(Records drawn from a dataset)
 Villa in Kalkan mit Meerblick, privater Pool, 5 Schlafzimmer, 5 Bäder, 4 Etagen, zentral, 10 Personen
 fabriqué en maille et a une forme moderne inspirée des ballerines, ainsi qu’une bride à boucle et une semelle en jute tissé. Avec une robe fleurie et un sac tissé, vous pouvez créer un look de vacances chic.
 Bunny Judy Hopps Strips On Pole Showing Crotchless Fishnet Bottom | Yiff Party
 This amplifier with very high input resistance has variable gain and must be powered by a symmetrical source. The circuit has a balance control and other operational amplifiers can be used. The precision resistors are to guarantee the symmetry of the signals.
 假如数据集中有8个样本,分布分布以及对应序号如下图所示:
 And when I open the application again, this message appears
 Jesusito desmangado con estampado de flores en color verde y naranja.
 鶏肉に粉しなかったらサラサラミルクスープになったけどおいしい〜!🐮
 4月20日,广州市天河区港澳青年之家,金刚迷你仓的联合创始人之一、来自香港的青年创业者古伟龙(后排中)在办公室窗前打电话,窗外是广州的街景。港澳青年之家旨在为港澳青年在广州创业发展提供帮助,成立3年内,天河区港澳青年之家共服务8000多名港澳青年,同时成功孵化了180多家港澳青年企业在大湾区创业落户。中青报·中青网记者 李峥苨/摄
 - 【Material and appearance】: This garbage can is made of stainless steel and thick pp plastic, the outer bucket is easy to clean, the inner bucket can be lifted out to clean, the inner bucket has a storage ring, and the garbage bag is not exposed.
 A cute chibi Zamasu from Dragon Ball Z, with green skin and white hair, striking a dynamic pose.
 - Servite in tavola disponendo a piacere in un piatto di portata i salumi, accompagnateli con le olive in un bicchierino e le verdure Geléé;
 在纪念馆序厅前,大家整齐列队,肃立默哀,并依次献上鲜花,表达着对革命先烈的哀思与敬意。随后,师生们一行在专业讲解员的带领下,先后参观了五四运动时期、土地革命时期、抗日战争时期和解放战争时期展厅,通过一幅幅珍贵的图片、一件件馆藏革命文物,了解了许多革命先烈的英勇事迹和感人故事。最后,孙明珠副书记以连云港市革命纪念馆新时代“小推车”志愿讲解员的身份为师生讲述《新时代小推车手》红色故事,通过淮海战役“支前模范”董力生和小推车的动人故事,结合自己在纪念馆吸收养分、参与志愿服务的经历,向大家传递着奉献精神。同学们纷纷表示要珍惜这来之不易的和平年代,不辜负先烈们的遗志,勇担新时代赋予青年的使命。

__What you will do__
Only the lines above starting at the line that holds "鶏肉に粉しなかったらサラサラミルクスープになったけどおいしい〜!🐮" and ending at the line that holds "A cute chibi" are to be repeated, exactly and in full.

__Exercise response__
 鶏肉に粉しなかったらサラサラミルクスープになったけどおいしい〜!🐮
 4月20日,广州市天河区港澳青年之家,金刚迷你仓的联合创始人之一、来自香港的青年创业者古伟龙(后排中)在办公室窗前打电话,窗外是广州的街景。港澳青年之家旨在为港澳青年在广州创业发展提供帮助,成立3年内,天河区港澳青年之家共服务8000多名港澳青年,同时成功孵化了180多家港澳青年企业在大湾区创业落户。中青报·中青网记者 李峥苨/摄
 - 【Material and appearance】: This garbage can is made of stainless steel and thick pp plastic, the outer bucket is easy to clean, the inner bucket can be lifted out to clean, the inner bucket has a storage ring, and the garbage bag is not exposed.
 A cute chibi Zamasu from Dragon Ball Z, with green skin and white hair, striking a dynamic pose.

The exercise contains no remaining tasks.